# Overstayed in Canada in 2008 by 4 weeks?



## lisaG (Aug 13, 2009)

Hi,

I entered canada in 2007 on an under 35 working holiday visa. Got a LMO and applied for a one year extension. I had hoped that the visa extension would arrive before my one year visa expired. It didn't. So I waited four week and couldn't work as my SIN was expired. Due to insufficent funds to support my self while i waited i had to return home.

I now want to travel to canada this summer and was wondering if the situation i described above will come back to haunt me.

Thanks in advance to anyone who can help.

Regards Lisa


----------



## Auld Yin (Mar 10, 2009)

lisaG said:


> Hi,
> 
> I entered canada in 2007 on an under 35 working holiday visa. Got a LMO and applied for a one year extension. I had hoped that the visa extension would arrive before my one year visa expired. It didn't. So I waited four week and couldn't work as my SIN was expired. Due to insufficent funds to support my self while i waited i had to return home.
> 
> ...


It may well do.

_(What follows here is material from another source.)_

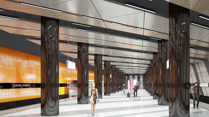 "В основе архитектурного решения будущей станции лежит применение ассиметричной композиции – гранит и габбро будут уложены по диагонали, создавая изображение, которое перекликается с аналогичным рисунком потолка", – отметил он.
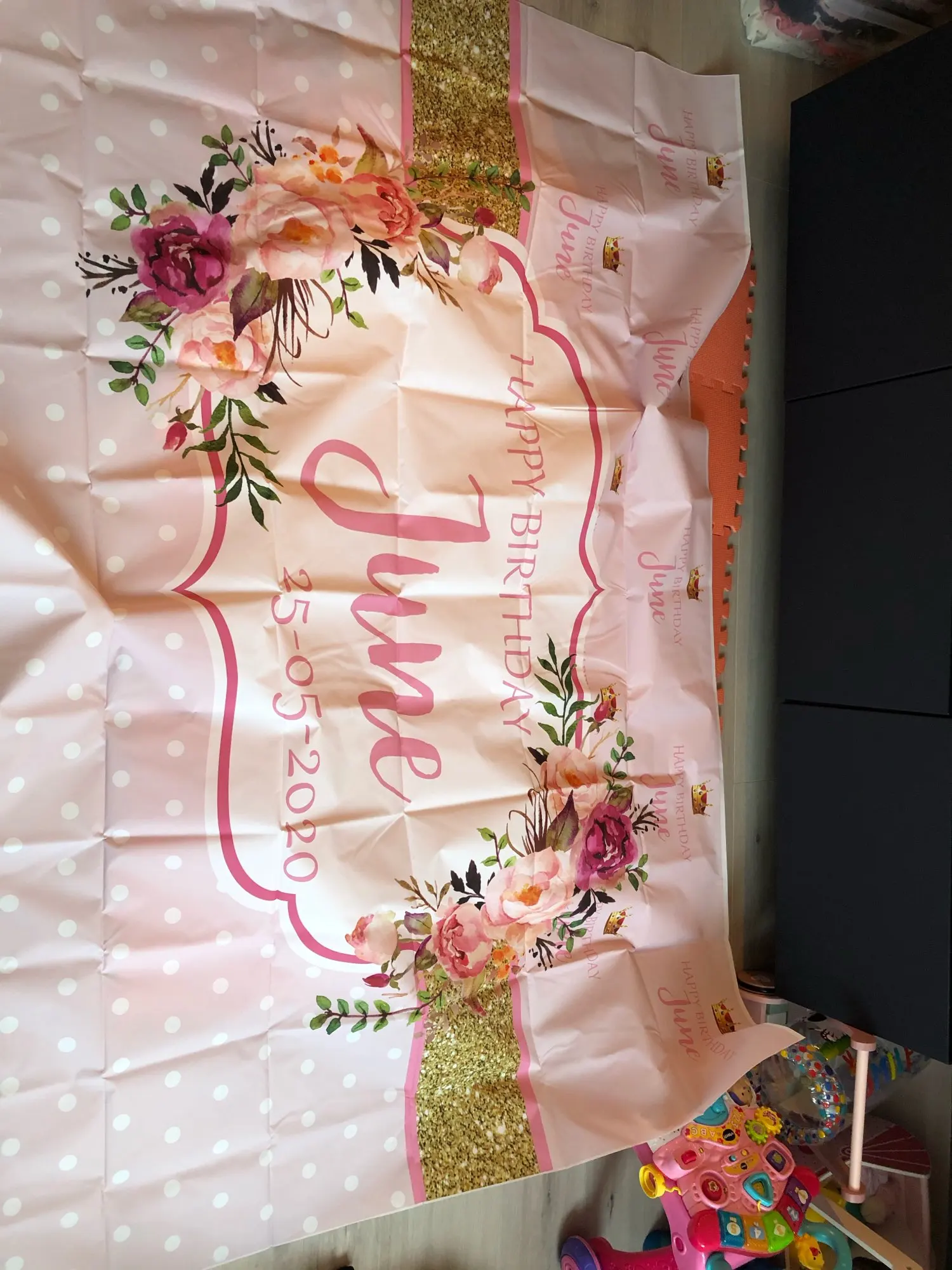 Фон для фотосъемки с розовыми цветами и золотыми блестками в горошек для девочек на день рождения

You broke the law by overstaying your visa limit so it could be assumed you're coming to stay illegally. It seems the only option open to you is to take the chance and see what happens.


----------



## lisaG (Aug 13, 2009)

Auld Yin said:


> It may well do. You broke the law by overstaying your visa limit so it could be assumed you're coming to stay illegally. It seems the only option open to you is to take the chance and see what happens.


Hi Auld Yin,

Would I not have had applied status as i was waiting on a new work permit? I was doing some more checking myself last night and read something about applied status once you send in your application before your current permit expires?

Thanks again for your help I just don't want to risk being turned away


----------